Eras had a cosmopolitan circle of friends including Martineau and his relative Hensleigh Wedgwood, and arranged intimate dinner parties with guests such as Charles Lyell, Charles Babbage and Thomas Carlyle. Radical and dissenting "heterodoxy was the norm". In the Spring of 1837, Charles moved to nearby lodgings where he could readily visit and attend Eras's dinner parties.

In April 1838 Charles told his older sister Susan that he had seen the rhinoceros in the zoo let out for the first time that spring, "kicking & rearing" and galloping for joy. He then passed on the gossip that Miss Martineau had been "as frisky lately [as] the Rhinoceros.— Erasmus has been with her noon, morning, and night:—if her character was not as secure, as a mountain in the polar regions she certainly would loose it.— Lyell called there the other day & there was a beautiful rose on the table, & she coolly showed it to him & said “Erasmus Darwin” gave me that.— How fortunate it is, she is so very plain; otherwise I should be frightened: She is a wonderful woman".

Before marrying at the start of 1839 Charles moved to Gower Street, London, astounding Erasmus with the amount of his luggage. In the summer of that year Martineau's health broke down during a visit to the Continent and, fearing a tumour she retired to solitary lodgings in Tynemouth near her brother.
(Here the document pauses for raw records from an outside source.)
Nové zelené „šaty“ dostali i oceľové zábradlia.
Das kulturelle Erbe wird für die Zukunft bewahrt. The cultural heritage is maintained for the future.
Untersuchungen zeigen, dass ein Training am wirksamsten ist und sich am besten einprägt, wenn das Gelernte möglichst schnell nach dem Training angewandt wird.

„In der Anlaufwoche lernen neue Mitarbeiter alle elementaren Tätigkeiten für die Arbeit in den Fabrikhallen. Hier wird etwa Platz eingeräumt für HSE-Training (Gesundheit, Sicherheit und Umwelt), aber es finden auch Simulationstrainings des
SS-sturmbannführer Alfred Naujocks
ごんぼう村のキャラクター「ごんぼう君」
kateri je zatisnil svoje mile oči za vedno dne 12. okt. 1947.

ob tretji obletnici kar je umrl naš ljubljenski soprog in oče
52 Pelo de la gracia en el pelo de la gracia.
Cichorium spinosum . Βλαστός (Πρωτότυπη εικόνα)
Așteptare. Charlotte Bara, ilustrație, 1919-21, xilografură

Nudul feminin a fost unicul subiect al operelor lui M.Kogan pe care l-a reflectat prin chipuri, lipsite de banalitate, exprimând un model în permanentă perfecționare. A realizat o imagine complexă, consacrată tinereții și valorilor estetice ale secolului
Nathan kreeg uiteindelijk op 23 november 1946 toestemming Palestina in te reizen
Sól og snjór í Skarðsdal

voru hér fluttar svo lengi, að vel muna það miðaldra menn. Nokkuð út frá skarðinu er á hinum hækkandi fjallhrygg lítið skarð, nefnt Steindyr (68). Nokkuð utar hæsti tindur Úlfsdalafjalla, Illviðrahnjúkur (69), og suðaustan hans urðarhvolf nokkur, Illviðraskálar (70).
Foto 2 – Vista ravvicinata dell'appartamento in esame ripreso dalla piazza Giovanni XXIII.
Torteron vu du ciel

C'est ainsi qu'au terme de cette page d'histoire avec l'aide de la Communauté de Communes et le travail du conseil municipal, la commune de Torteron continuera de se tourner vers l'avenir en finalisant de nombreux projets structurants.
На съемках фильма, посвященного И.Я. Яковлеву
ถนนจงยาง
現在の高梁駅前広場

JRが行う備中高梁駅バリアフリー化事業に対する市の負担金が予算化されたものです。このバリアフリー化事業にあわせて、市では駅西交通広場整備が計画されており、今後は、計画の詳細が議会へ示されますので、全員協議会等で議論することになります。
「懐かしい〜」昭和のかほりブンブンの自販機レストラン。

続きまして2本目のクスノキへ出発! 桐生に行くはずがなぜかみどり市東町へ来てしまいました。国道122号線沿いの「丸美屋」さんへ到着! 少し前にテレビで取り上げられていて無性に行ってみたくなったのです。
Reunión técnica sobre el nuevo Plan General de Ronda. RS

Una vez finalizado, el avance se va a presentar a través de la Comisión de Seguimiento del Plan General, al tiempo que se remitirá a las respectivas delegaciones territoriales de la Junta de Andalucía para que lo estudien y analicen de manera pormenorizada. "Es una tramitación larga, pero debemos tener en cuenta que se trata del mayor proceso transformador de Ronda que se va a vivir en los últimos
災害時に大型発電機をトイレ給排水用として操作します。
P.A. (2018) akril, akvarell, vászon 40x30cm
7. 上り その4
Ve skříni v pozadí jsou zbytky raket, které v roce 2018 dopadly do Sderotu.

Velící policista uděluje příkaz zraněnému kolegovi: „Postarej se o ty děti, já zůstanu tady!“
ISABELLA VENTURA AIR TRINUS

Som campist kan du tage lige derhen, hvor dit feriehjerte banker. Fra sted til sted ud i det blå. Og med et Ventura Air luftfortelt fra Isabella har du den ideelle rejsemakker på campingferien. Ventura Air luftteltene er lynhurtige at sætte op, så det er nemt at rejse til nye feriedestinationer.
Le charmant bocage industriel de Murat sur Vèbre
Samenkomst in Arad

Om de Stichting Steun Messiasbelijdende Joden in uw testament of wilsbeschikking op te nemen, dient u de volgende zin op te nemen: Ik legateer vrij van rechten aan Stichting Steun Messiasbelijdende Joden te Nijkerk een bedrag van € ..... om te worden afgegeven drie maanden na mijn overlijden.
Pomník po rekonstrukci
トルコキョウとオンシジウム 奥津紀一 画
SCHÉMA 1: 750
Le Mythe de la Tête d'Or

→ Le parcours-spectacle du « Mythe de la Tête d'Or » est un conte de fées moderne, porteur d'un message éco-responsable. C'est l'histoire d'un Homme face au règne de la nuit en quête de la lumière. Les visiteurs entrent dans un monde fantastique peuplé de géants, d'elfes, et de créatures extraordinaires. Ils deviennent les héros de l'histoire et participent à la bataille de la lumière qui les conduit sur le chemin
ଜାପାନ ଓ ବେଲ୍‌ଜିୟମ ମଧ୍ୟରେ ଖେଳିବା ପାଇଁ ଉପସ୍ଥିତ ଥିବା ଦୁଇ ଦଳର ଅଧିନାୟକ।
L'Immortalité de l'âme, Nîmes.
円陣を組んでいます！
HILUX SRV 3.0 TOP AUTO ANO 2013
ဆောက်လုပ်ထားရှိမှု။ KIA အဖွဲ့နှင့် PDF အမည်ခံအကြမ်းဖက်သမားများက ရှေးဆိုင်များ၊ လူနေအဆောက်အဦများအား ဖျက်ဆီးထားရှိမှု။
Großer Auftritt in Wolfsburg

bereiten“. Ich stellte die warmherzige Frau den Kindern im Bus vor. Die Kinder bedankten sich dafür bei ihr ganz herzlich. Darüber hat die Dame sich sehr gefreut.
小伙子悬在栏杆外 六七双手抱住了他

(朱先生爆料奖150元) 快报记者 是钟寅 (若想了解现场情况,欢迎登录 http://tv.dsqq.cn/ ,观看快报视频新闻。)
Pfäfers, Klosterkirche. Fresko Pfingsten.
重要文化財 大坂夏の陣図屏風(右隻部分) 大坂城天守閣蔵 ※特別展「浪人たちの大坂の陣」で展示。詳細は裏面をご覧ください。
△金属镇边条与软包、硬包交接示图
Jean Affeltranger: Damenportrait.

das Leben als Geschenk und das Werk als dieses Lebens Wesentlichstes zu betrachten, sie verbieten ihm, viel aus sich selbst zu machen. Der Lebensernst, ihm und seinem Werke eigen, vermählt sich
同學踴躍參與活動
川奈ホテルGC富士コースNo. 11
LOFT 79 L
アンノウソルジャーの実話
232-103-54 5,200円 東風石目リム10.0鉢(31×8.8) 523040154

She and Erasmus remained on good terms, writing to each other. Erasmus's social circle drifted apart, while "[Eras] sticks to his opium with many groans". (Opium was a common medicine at this time.)

=="Uncle Ras"==
While Charles Darwin's illness made him increasingly reclusive after his move to Downe, he would still visit Erasmus as one of his relatives and friends who provided safe havens. One such occasion was the Great Exhibition in 1851 when the family came to London and stayed with "Uncle Ras". By 1852 Erasmus had become a confirmed bachelor, languid and melancholic, living alone except for servants, but at parties, his "playful wit" made him the universal solvent. That summer he stayed at Down House with the family and delighted his nephews and nieces whom he loved dearly, and who adored him. He romped with them, getting down on his hands and knees and becoming their playmate.

As the reaction to Darwin's theory began following the publication of On the Origin of Species at the end of 1859, Erasmus thought it "the most interesting book I have ever read", and sent a copy to his old flame Harriet Martineau who at 58 was still reviewing from her home in the Lake District. In 1863 he was on the Council of the abolitionist Ethnological Society of London which at the time of the American Civil War was engaged in debate with the breakaway pro-slavery Anthropological Society.

Francis Galton, having caught the fad for Spiritualism, arranged a séance in January 1874 at Erasmus's house with those attending including Charles, Hensleigh Wedgwood and Thomas Huxley. Charles's son George hired the medium Charles Williams, and they sat round the table in the dark, though Charles left to lie down, missing the show. It "took away all their breaths" with a ringing bell, rushing wind, jumping candlestick and the table rising up above their heads. Galton thought it a "good séance" and Erasmus dabbled in "spirit photographs", but Charles remained convinced that it was "all imposture", as Huxley and George proved at a second séance.

By the autumn of 1880 Erasmus was in poor health, suffering from the effects of time and opium, in constant pain and scarcely able to leave home. In September 1880 Charles stayed with Erasmus while his portrait was painted by John Collier. Shortly afterwards, Erasmus became gravely ill and died quietly on 26 August. Emma Darwin broke the news to Charles, who commented that he had seen Erasmus dying slowly "for many years", not "a happy man" but always kindhearted, clearheaded and affectionate. The funeral at Downe on 1 September was taken by their cousin John Allen Wedgwood, now 85, who had officiated at the wedding of Charles and Emma. Charles, looking "old and ill" in a long black funeral cloak, was a picture of "sad reverie" as the coffin was lowered. A marble slab was arranged, with words by Thomas Carlyle: "one of the sincerest, truest and most modest of men".

He is buried in St Mary the Virgin Churchyard, Downe, Kent.